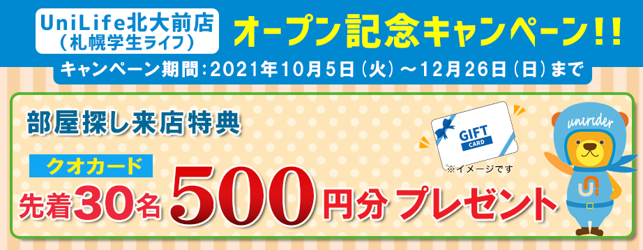 2021年10月5日(火)UniLife北大前店(札幌学生ライフ)が リニューアル オープンしました。
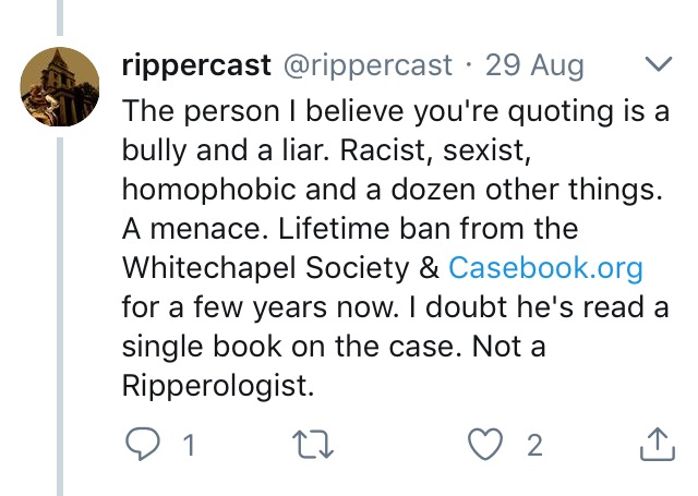 As it stands on Twitter I'm racist, sexist, homophobic etc and haven't read a single Ripper book. Not my 'suggestions', your words. Please put that right.
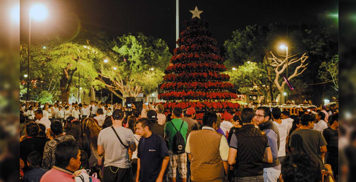 Ayer, en punto de las 19:00 horas, se dio el conteo regresivo para que se encendieran las luces del árbol de navidad, que mide 10 metros de altura por 6 de diámetro y que está rodeado por más de mil 500 plantas de nochebuena.
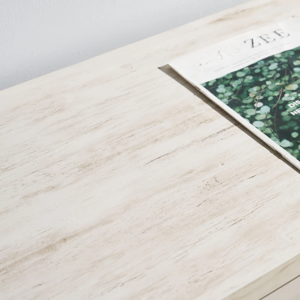 Rustic farmhouse design with a distressed rustic white finish
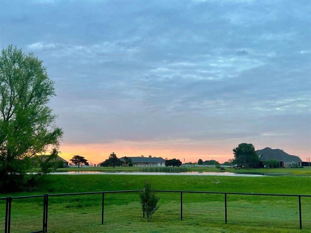 Welcome to this stunning 4-bedroom, 3.5-bath home nestled on a peaceful cul-de-sac in Hidden Lakes Ranch! This single-story gem sits on a 1.09-acre lot with a tranquil water view, offering 3,099 sq. ft. of living space and 4,780 sq. ft. total under roof. Highlights include an oversized 3-car garage, a whole-house AquaSana water purification system, energy-efficient LED lighting, and gorgeous hand-scraped hardwood floors. The kitchen features a GE Monogram 6-burner cooktop with pot filler, professional vent hood, oversized granite island, knotty alder cabinetry with soft close doors, over-under cabinet lighting, and huge walk-in pantry. The master suite boasts a spacious 12x10 walk-in closet and a luxurious bathroom with heated travertine floors, large soaking tub for two, and large shower with rain head. Additional features include a home office, living room with a gas log stone hearth fireplace, indoor tornado shelter-safe room, 40' RV parking pad, 20x30 walk-up spray foam insulated attic for extra storage, and covered patio with an outdoor fireplace and propane hookup for a future outdoor kitchen. Too many unique features to list! Please ask for the complete detailed list and come see this amazing property located in Gunter ISD!
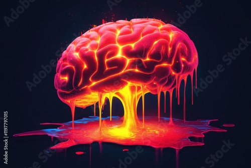 Fototapeta premium Futuristic Neon Brain with Melting Glowing Effect in Dark Background
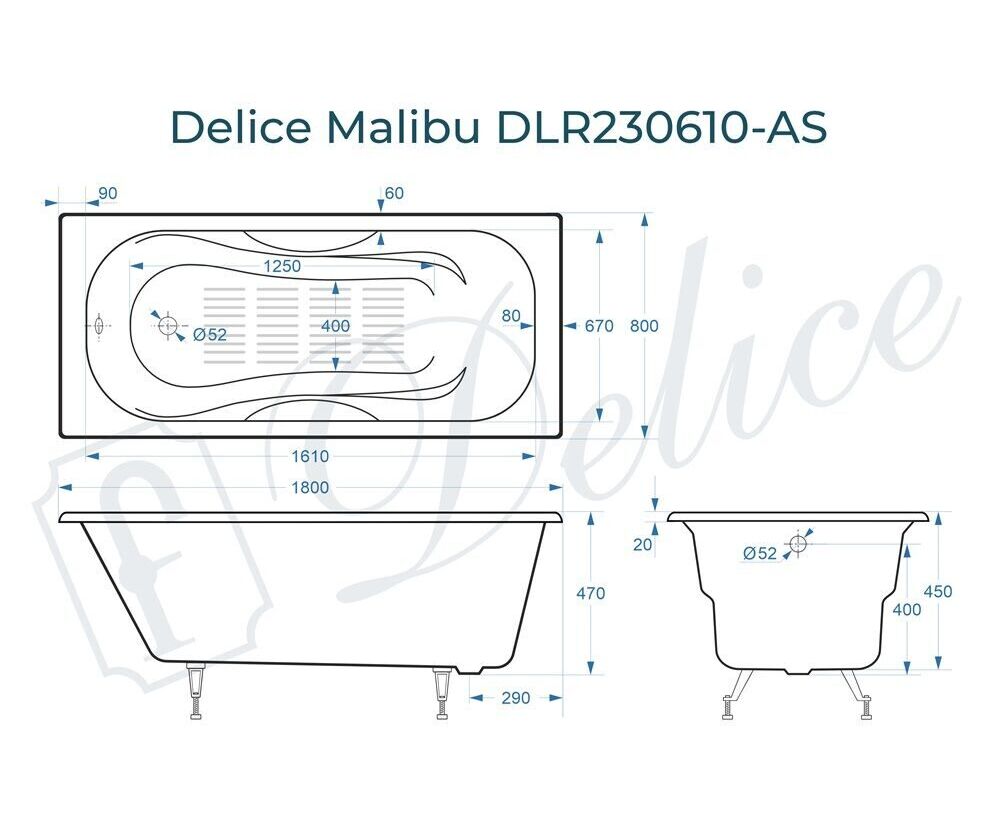 Для установки используются фирменные ножки Delice, которые имеют надежное и прочное крепление, обеспечивают высокую устойчивость ванны и регулируются по высоте. Высота на ножках варьируется от 58 до 62.5 см. Ножки выполнены из высокопрочного чугуна марки СЧ25, который выдерживает большие нагрузки. С помощью регулировки можно нивелировать геометрические отклонения пола, стен и углов в ванной комнате. Для модели Malibu подходит комплект ножек для серии Elite - артикул DLR000002.
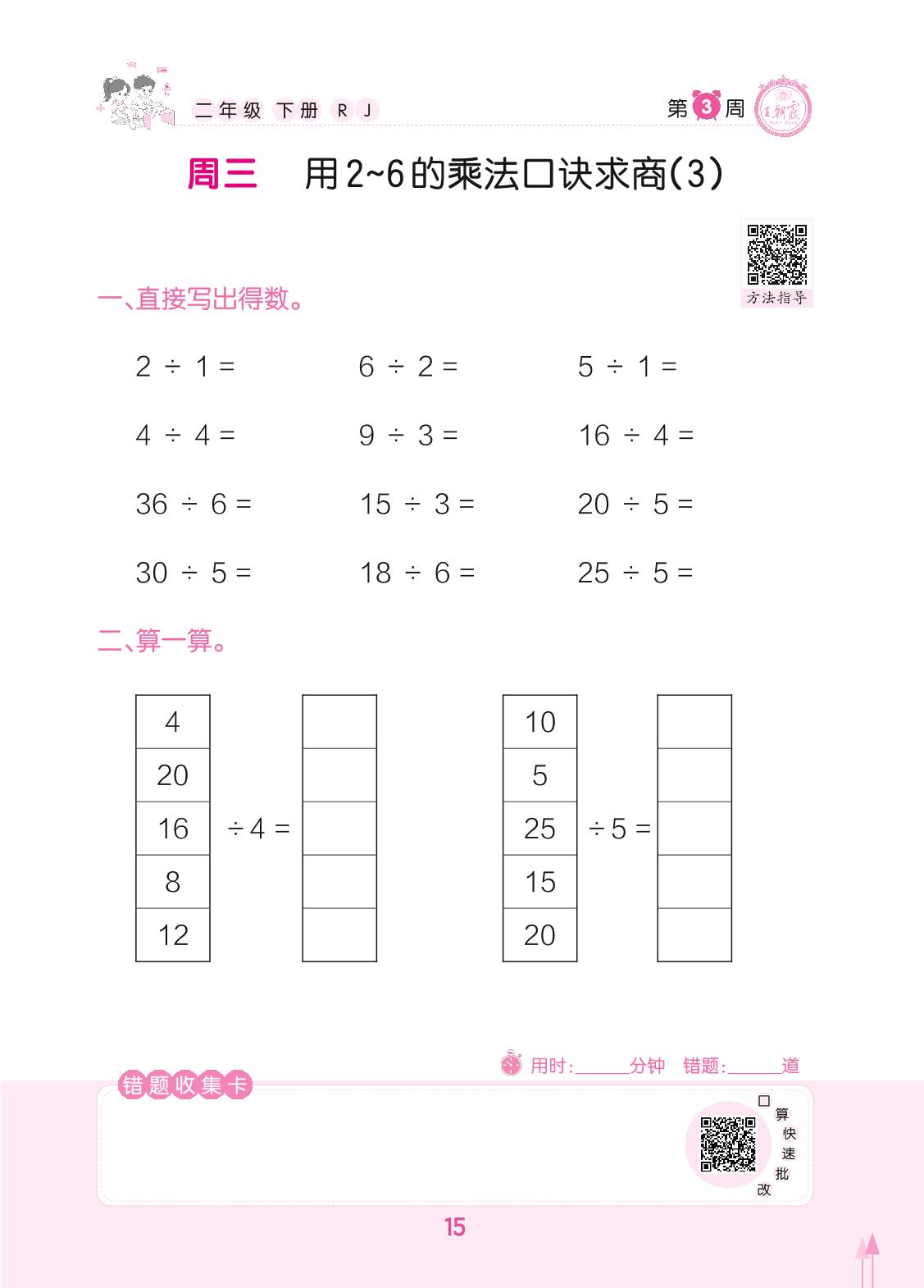 2022下册二年级数学人教版 第3周 周三

....................

- **TASK ITEM**
Leave out the pictures and return the listing exactly.

- **FINISHED TASK**
 2021年10月5日(火)UniLife北大前店(札幌学生ライフ)が リニューアル オープンしました。
 As it stands on Twitter I'm racist, sexist, homophobic etc and haven't read a single Ripper book. Not my 'suggestions', your words. Please put that right.
 Ayer, en punto de las 19:00 horas, se dio el conteo regresivo para que se encendieran las luces del árbol de navidad, que mide 10 metros de altura por 6 de diámetro y que está rodeado por más de mil 500 plantas de nochebuena.
 Rustic farmhouse design with a distressed rustic white finish
 Welcome to this stunning 4-bedroom, 3.5-bath home nestled on a peaceful cul-de-sac in Hidden Lakes Ranch! This single-story gem sits on a 1.09-acre lot with a tranquil water view, offering 3,099 sq. ft. of living space and 4,780 sq. ft. total under roof. Highlights include an oversized 3-car garage, a whole-house AquaSana water purification system, energy-efficient LED lighting, and gorgeous hand-scraped hardwood floors. The kitchen features a GE Monogram 6-burner cooktop with pot filler, professional vent hood, oversized granite island, knotty alder cabinetry with soft close doors, over-under cabinet lighting, and huge walk-in pantry. The master suite boasts a spacious 12x10 walk-in closet and a luxurious bathroom with heated travertine floors, large soaking tub for two, and large shower with rain head. Additional features include a home office, living room with a gas log stone hearth fireplace, indoor tornado shelter-safe room, 40' RV parking pad, 20x30 walk-up spray foam insulated attic for extra storage, and covered patio with an outdoor fireplace and propane hookup for a future outdoor kitchen. Too many unique features to list! Please ask for the complete detailed list and come see this amazing property located in Gunter ISD!
 Fototapeta premium Futuristic Neon Brain with Melting Glowing Effect in Dark Background
 Для установки используются фирменные ножки Delice, которые имеют надежное и прочное крепление, обеспечивают высокую устойчивость ванны и регулируются по высоте. Высота на ножках варьируется от 58 до 62.5 см. Ножки выполнены из высокопрочного чугуна марки СЧ25, который выдерживает большие нагрузки. С помощью регулировки можно нивелировать геометрические отклонения пола, стен и углов в ванной комнате. Для модели Malibu подходит комплект ножек для серии Elite - артикул DLR000002.
 2022下册二年级数学人教版 第3周 周三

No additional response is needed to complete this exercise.